→ **INPUT**
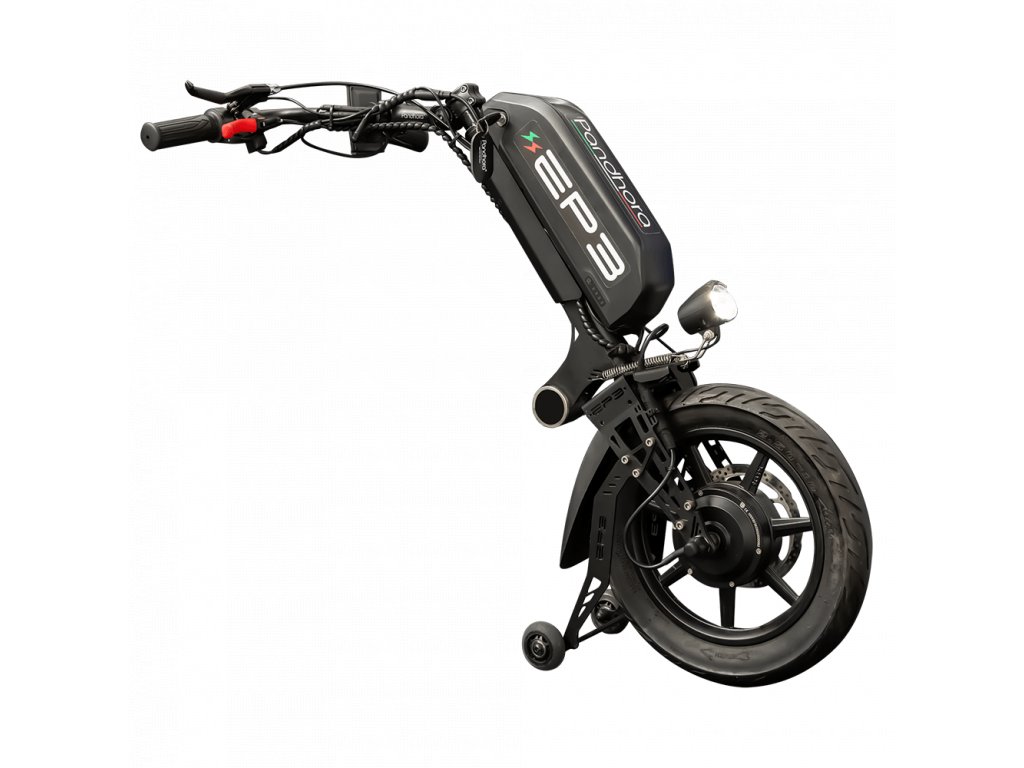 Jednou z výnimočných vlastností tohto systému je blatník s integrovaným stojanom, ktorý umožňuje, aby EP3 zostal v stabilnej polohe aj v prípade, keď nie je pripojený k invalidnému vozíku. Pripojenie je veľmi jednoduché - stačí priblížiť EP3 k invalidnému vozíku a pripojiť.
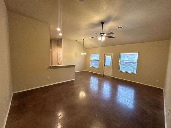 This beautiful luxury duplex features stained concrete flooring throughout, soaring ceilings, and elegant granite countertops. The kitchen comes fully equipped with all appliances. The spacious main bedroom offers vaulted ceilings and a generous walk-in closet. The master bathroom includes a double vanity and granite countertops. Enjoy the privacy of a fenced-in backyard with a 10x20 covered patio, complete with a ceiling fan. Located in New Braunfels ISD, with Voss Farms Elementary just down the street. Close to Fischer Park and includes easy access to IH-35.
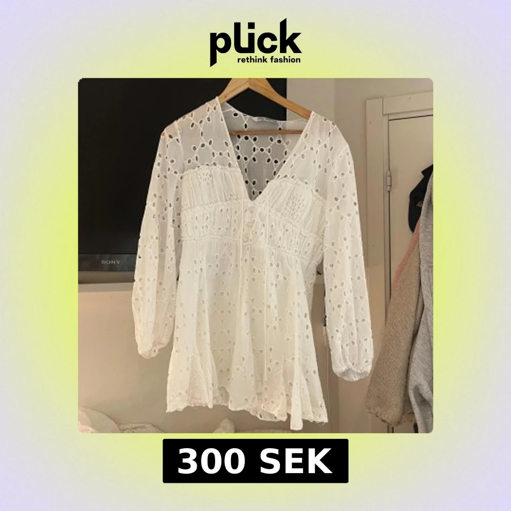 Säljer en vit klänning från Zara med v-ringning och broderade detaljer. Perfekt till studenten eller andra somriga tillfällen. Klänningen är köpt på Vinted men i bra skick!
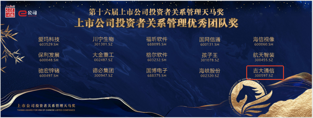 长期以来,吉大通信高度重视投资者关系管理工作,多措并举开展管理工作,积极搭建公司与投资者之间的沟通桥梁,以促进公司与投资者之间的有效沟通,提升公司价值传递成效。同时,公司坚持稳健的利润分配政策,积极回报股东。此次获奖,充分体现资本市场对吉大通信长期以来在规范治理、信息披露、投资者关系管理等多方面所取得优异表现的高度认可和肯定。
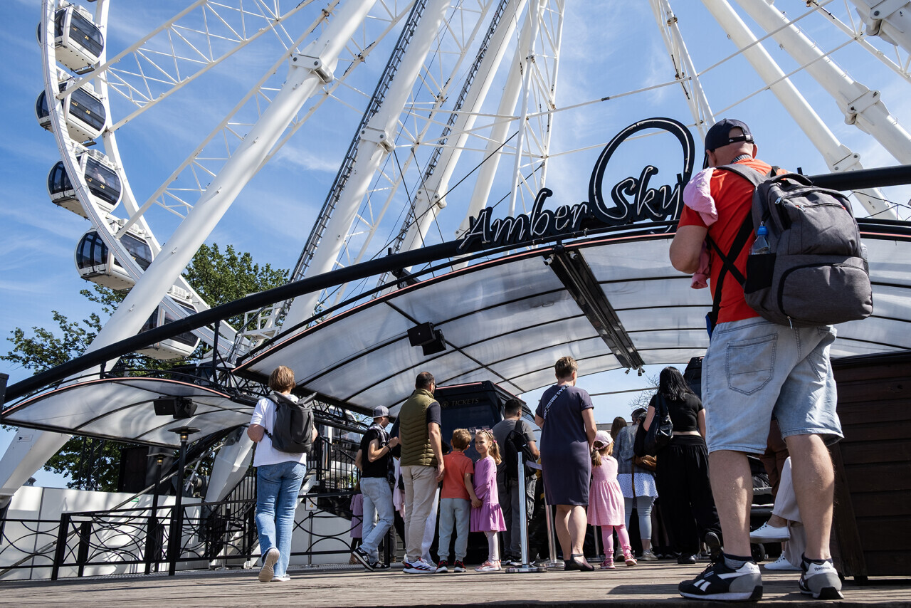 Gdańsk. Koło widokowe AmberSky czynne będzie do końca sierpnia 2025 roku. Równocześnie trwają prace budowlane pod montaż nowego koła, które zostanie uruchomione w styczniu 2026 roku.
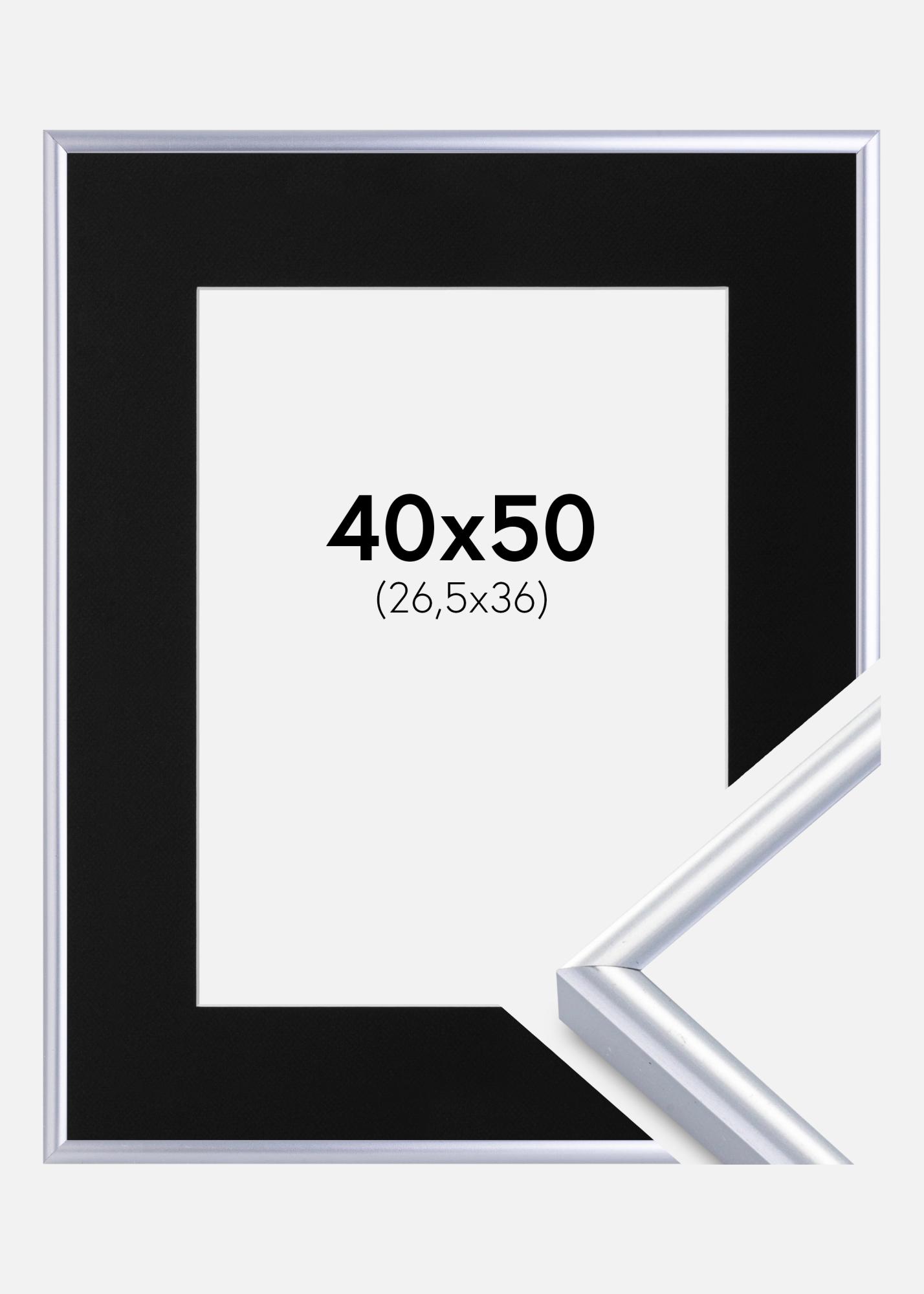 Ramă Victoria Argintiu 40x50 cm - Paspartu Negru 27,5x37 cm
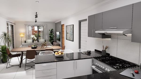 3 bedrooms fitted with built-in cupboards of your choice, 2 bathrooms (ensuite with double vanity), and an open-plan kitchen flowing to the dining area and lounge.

→ **TASK**
Output, word for word, the full listing above, with no pictures.

→ **TASK RESULT**
 Jednou z výnimočných vlastností tohto systému je blatník s integrovaným stojanom, ktorý umožňuje, aby EP3 zostal v stabilnej polohe aj v prípade, keď nie je pripojený k invalidnému vozíku. Pripojenie je veľmi jednoduché - stačí priblížiť EP3 k invalidnému vozíku a pripojiť.
 This beautiful luxury duplex features stained concrete flooring throughout, soaring ceilings, and elegant granite countertops. The kitchen comes fully equipped with all appliances. The spacious main bedroom offers vaulted ceilings and a generous walk-in closet. The master bathroom includes a double vanity and granite countertops. Enjoy the privacy of a fenced-in backyard with a 10x20 covered patio, complete with a ceiling fan. Located in New Braunfels ISD, with Voss Farms Elementary just down the street. Close to Fischer Park and includes easy access to IH-35.
 Säljer en vit klänning från Zara med v-ringning och broderade detaljer. Perfekt till studenten eller andra somriga tillfällen. Klänningen är köpt på Vinted men i bra skick!
 长期以来,吉大通信高度重视投资者关系管理工作,多措并举开展管理工作,积极搭建公司与投资者之间的沟通桥梁,以促进公司与投资者之间的有效沟通,提升公司价值传递成效。同时,公司坚持稳健的利润分配政策,积极回报股东。此次获奖,充分体现资本市场对吉大通信长期以来在规范治理、信息披露、投资者关系管理等多方面所取得优异表现的高度认可和肯定。
 Gdańsk. Koło widokowe AmberSky czynne będzie do końca sierpnia 2025 roku. Równocześnie trwają prace budowlane pod montaż nowego koła, które zostanie uruchomione w styczniu 2026 roku.
 Ramă Victoria Argintiu 40x50 cm - Paspartu Negru 27,5x37 cm
 3 bedrooms fitted with built-in cupboards of your choice, 2 bathrooms (ensuite with double vanity), and an open-plan kitchen flowing to the dining area and lounge.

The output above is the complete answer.